### WHAT YOU NEED TO DO
Output only the lines below from the one holding "Page-1 • Page-2" down to the one holding "Hilton Austin, location", both end lines included and every picture dropped.

Collected data entries
⟨

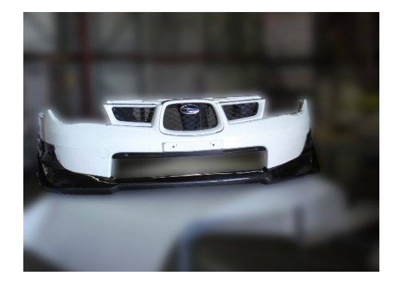
Fig. 9 Do a visual inspection and make any final adjustment as necessary.
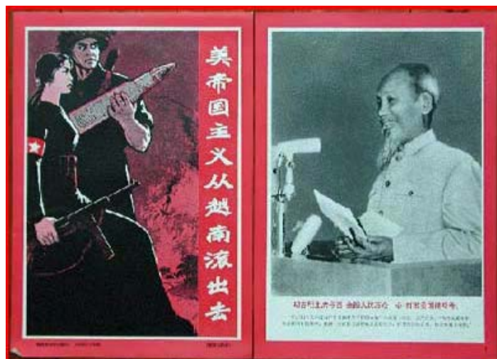
1965 China- Anti-American Vietnam Propaganda Posters-1.

Page-1 • Page-2 • Page-3 • Page-4 • Page-5 • Page-6 • VSPA • War-Stories
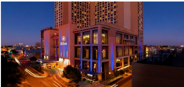
Hilton Austin, location of last fall's ARFTG Symposium

The Fall 2016 ARFTG Microwave Measurement Symposium took place at the Hilton Austin in Austin, TX. The event was held over four days: Tues., Dec. 6, 2016 to Fri., Dec. 9, 2016. The Symposium consisted of a short course on introduction to power amplifier design, an on-wafer measurement users' forum, an NVNA users' forum, a workshop on power amplifiers, and the main conference. The theme of this year's symposium was "Power Amplifiers and Systems Design for Wireless Applications". The main event was the 88 th ARFTG Microwave Measurement Conference, which took place on Thurs. and Fri. In addition to these technical events, there was an awards banquet on Thurs. evening and a vendor exhibition during the conference. Taken together, this amounted to four days of exciting activities for engineers, scientists, and technologists.
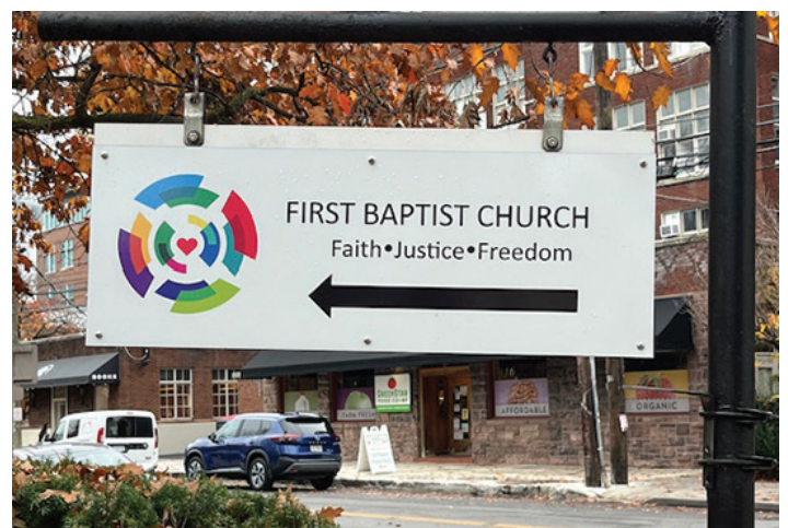
New FBC sign at corner of Cayuga and Buffalo streets.

⟩

### ANSWER FOR THE TASK
Page-1 • Page-2 • Page-3 • Page-4 • Page-5 • Page-6 • VSPA • War-Stories
Hilton Austin, location of last fall's ARFTG Symposium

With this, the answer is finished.